Les algorithmes au cœur de la gouvernance numérique
La nouvelle architecture de modération déployée par Meta est assez inédite dans l'approche du contenu politique sur les réseaux sociaux. Le système tripartite mis en place – décliné en modes restreint, standard et enrichi – représente une innovation substantielle dans le traitement algorithmique de l'information. On imagine qu'en mode restreint, l'algorithme limite drastiquement l'exposition aux contenus politiques dans les fils d'actualité et les recommandations. Les autres modes pourraient ainsi exposer les utilisateurs à du contenu sur la thématique politique bien plus dense.
L'introduction de ces paliers de visibilité offre également à Meta une certaine latitude technique et politique dans la gestion de ses deux plateformes. Face aux régulateurs, l'entreprise pourrait désormais ajuster finement son degré d'intervention sur les contenus politiques, évitant ainsi les accusations de censure tout en maintenant un certain contrôle éditorial. Cette flexibilité algorithmique constitue un outil de choix dans les négociations avec les instances régulatrices, permettant des ajustements rapides en fonction des exigences légales et politiques. Malin !

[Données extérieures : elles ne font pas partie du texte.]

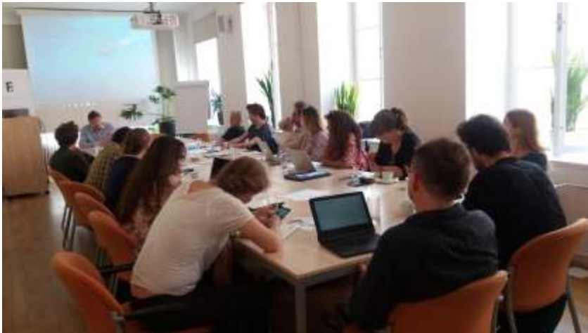
Journée d'étude (23/5/2018) Debating the Norms of Scientific Writing

Meta rebat les cartes en interne
Les changements structurels au sein de Meta dessinent une nouvelle orientation pour l'entreprise. Le remplacement de Nick Clegg par Joel Kaplan, personnalité proche des cercles républicains washingtoniens, à la présidence des affaires internationales, s'accompagne d'autres mesures. Notamment l'abandon d'un modèle de modération inspiré des Community Notes de X, conjuguée à l'abandon du fact-checking externe. En réalité, cette évolution traduit moins une simplification du processus qu'une redistribution stratégique des responsabilités éditoriales.

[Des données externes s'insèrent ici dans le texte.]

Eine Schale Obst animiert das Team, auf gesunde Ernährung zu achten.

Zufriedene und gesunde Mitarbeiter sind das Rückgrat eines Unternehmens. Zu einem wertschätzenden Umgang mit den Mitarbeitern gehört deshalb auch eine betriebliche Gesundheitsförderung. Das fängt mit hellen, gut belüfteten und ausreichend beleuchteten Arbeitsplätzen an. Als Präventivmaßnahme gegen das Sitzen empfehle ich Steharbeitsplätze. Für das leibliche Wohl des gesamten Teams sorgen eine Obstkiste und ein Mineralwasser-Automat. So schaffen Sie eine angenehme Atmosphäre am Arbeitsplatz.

Autre symptôme : le blocage prolongé des hashtags LGBTQ (un fait relayé avant-hier par Engadget) sur Instagram, catégorisés pendant plusieurs mois comme « contenu sexuellement suggestif », révélant les angles morts des systèmes de modération automatisée. Les équipes de Meta ont qualifié l'incident technique, une explication qui masque la réalité plus complexe des mécanismes de classification des contenus. Les algorithmes, entraînés sur des bases de données massives, reproduisent parfois des schémas de discrimination ancrés dans leurs données d'apprentissage.

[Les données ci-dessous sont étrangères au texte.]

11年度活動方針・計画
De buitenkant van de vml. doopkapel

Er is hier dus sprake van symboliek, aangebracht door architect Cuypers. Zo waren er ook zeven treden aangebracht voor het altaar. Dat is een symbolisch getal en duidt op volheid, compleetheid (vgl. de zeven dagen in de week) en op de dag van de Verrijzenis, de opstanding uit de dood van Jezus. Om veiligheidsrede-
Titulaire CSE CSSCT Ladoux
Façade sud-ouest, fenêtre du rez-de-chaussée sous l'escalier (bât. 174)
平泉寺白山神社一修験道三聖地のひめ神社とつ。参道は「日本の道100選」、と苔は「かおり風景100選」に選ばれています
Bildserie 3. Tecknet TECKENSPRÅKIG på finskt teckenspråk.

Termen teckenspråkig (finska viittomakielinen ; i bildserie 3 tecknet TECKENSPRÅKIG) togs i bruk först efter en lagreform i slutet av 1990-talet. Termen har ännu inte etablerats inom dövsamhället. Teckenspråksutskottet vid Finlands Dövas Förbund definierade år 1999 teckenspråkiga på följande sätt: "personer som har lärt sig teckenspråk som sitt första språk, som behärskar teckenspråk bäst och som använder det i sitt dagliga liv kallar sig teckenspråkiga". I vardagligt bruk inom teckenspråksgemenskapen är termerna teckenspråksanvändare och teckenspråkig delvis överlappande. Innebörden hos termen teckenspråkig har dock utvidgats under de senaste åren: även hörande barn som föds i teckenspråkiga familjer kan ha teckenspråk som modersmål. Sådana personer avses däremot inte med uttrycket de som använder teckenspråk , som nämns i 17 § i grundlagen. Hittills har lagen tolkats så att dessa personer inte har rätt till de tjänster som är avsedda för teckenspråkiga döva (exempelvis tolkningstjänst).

The Guardian en parlait déjà en 2019 dans cet article : « Les communautés LGBTQ+ et celles prônant la body positivity sur Instagram demandent une plus grande transparence sur les critères de modération, qu'elles jugent discriminatoires envers leurs représentations ». L'affaire ne date donc pas d'hier.
Ces modifications algorithmiques sont la preuve qu'un repositionnement de Meta dans l'échiquier politique américain est un train d'avoir lieu. Échiquier où la frontière entre neutralité technologique et influence politique devient de plus en plus mince, et sur lequel le groupe de Zuckerberg veut poser ses pièces au bon endroit.